Re: Subject: [DISCUSS] Idempotency-Key design for Iceberg REST: converging on Model B

huaxin gao Sun, 31 May 2026 11:35:44 -0700

Hi Dmitri, Robert,

Thanks both.


Dmitri — I agree with both of your points.

  - Idempotency storage will stay separate from the metastore. It will
    be separate in code and in transactions. We make the idempotency
    decision before the handler runs, or after it commits — never inside
    the metastore transaction.
  - I'll document the assumption you raised. Model B is only as strict as
    the spec wants if the client builds the request so that at most one
    try can commit (for example, update requirements). The catalog's
    optimistic concurrency makes sure of this. Model B just records the
    result on top of it. I'll say this clearly in the Polaris docs.

Robert — I see why the operation-id-in-metadata idea is appealing. If we
write the id inside the commit, it is atomic with the change. That would
close the in-flight gap for table and view operations. That is a real
plus.

But I don't think we should put the idempotency key in table metadata.
Here is why:

1. It only works for table and view operations. It can't help namespace
   operations, grants, or other writes.

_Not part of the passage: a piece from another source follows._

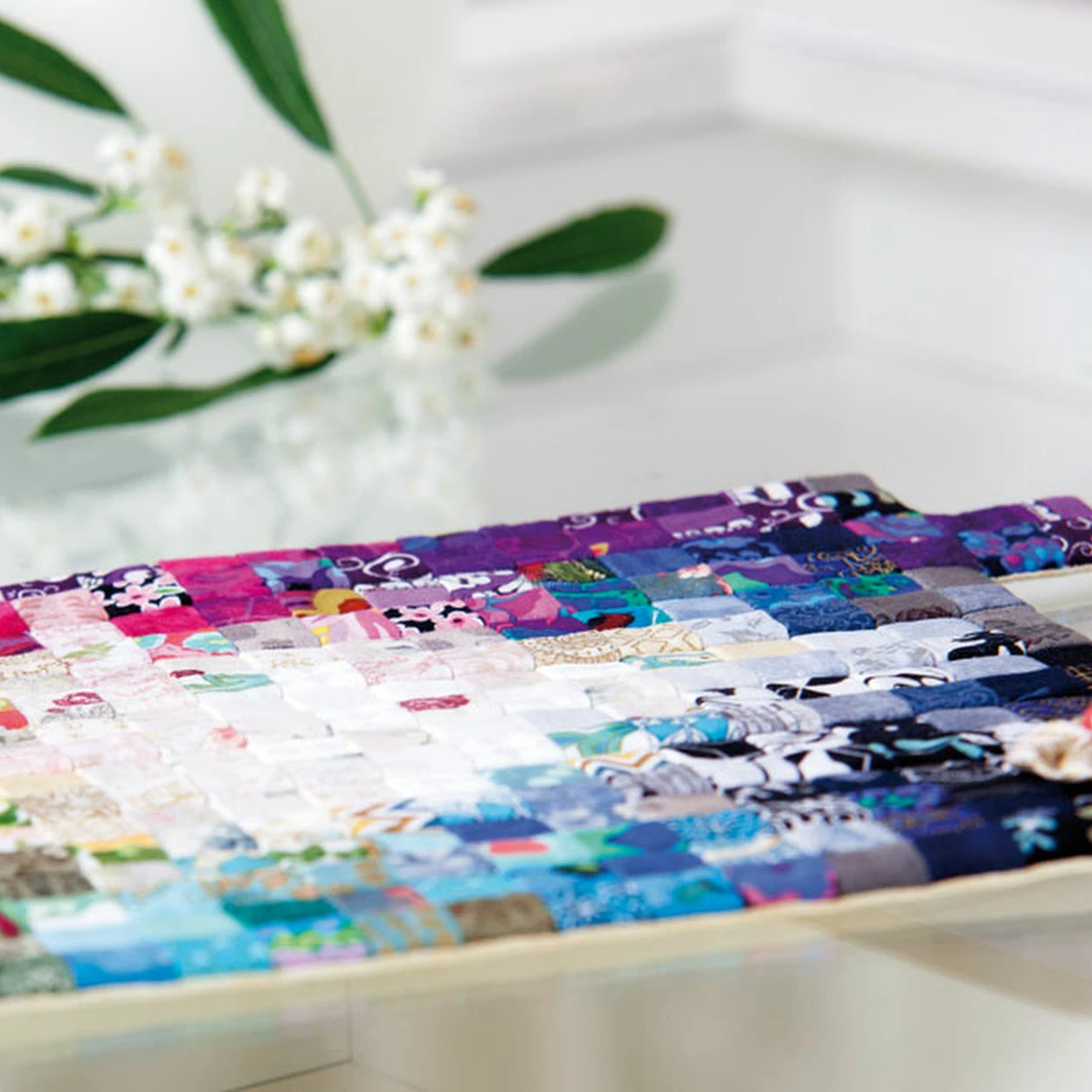 1. Cut the fabrics in squares using a rotary fabric cutter. Arrange the design on the Quilter’s Grid (adhesive facing up) and iron on dry with light pressure for 10–12 seconds.

A separate store handles all of
   them with one mechanism.

2. It mixes two concerns. Idempotency is a REST/catalog concern. Table
   metadata should describe the table — schema, snapshots, partitioning,
   sort order. A per-request id is not table state. I'd rather not mix
   the two.

3. It bloats the metadata. To support retries we'd have to keep
   operation-ids with some retention/TTL. metadata.json is rewritten on
   every commit and read on every table load. For tables with many
   writes, this adds real cost. And every client and engine that reads
   the table pays it, not just the idempotency path.

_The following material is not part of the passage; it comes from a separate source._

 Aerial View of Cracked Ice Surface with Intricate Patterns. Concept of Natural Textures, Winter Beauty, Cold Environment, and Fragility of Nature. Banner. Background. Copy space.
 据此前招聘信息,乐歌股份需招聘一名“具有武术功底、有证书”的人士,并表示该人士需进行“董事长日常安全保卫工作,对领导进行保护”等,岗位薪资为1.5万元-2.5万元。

4. It doesn't match the spec. The Iceberg REST spec defines idempotency
   at the protocol layer — an Idempotency-Key header with a server-side
   contract. It does not store idempotency in table metadata. Putting an
   operation-id there would be a new mechanism that isn't in the spec
   today. So it's a change to how the spec
   works, and a cross-project change too.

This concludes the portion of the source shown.